Handheld dustpans may be used with either a full-size broom or with a smaller broom or a brush. This second combination may be sold as one unit. A variant on the dustpan is the silent butler, a handheld, lidded dustpan.

== Materials and design ==
Dustpans typically features a flat, angled surface for ease of debris collection, with raised sides to contain the swept materials. They are manufactured from various materials including plastic, metal, and composite materials. The different materials affect durability, weight, and price. Modern dustpans may incorporate features such as rubber edges to improve debris collection efficiency, ergonomic handles for user comfort, and integrated brushes or brooms for convenience. There is a growing trend towards producing dustpans from recycled or eco-friendly materials to reduce environmental impact. These sustainable materials include bamboo, wood, aluminum, and recycled plastics.

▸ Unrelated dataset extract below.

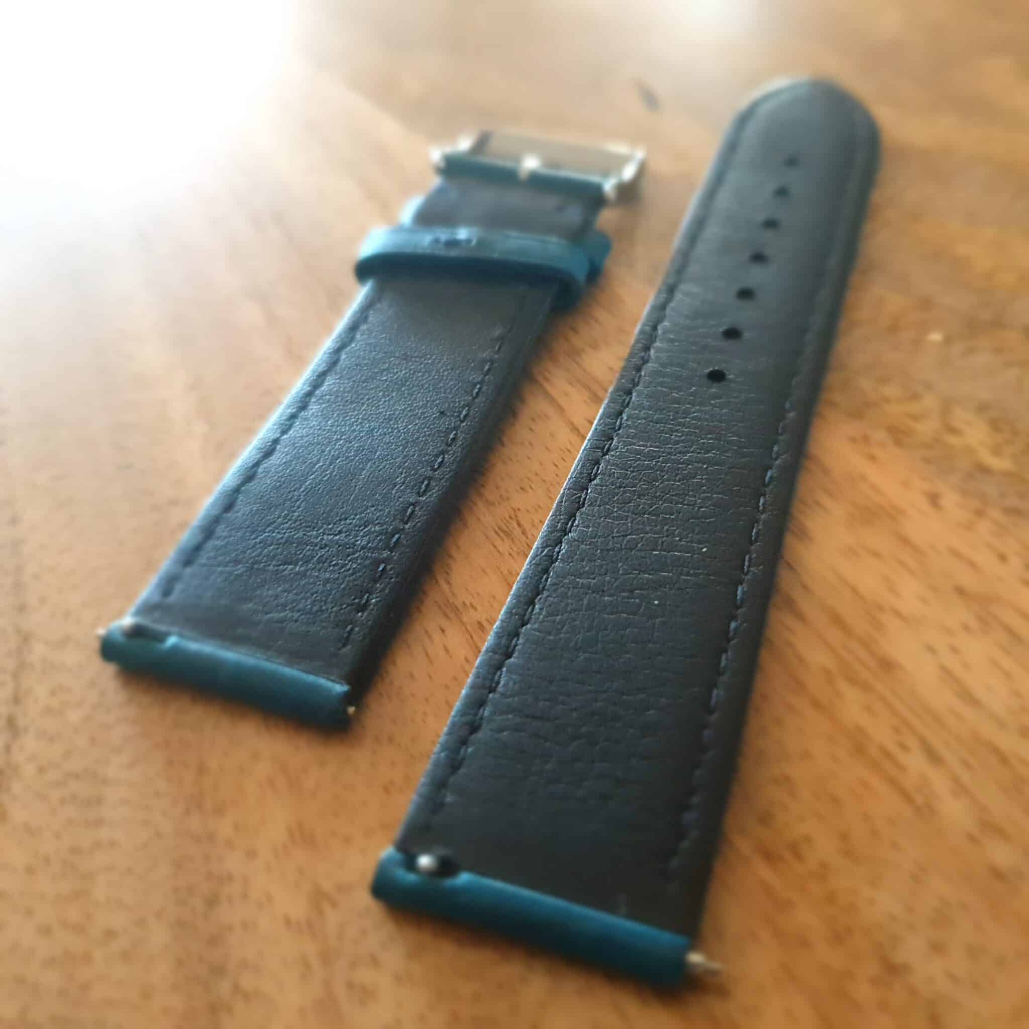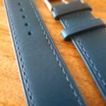 Note from Rob – shop manager – I’ve been wearing the Blue Pialba on one of my everyday watches for the last few months (see pics) and absolutely love it. My favourite strap right now. Will release the blue in April and i have a brown on the way. Develops a vintage style patina after wearing for a month or so. ‘Wear and tear’ at buckle is less than normal for a strap although as always, i recommend a clasp with a leather watch band. Pics of watch is after me wearing and abusing for testing purposes pre-release.

Small dustpans are typically used for light, everyday cleaning tasks. Dimensions may range from 20 cm to 30 cm in width, with a capacity sufficient for small amounts of debris. Large and industrial dustpans are designed for heavy-duty use, with widths exceeding 30 cm and larger capacities to handle more significant volumes of debris.

== History ==
In 1858, the first patent for a dustpan was given to T. E. McNeill. This design featured a flat scoop with a handle, which could be held in one hand while sweeping with the other. This basic design laid the foundation for modern dustpans.

In 1897, Lloyd P. Ray, an African American inventor, patented an improved dustpan with a more ergonomic handle and a raised edge to prevent debris from spilling out. This design was influential in shaping the dustpans we use today.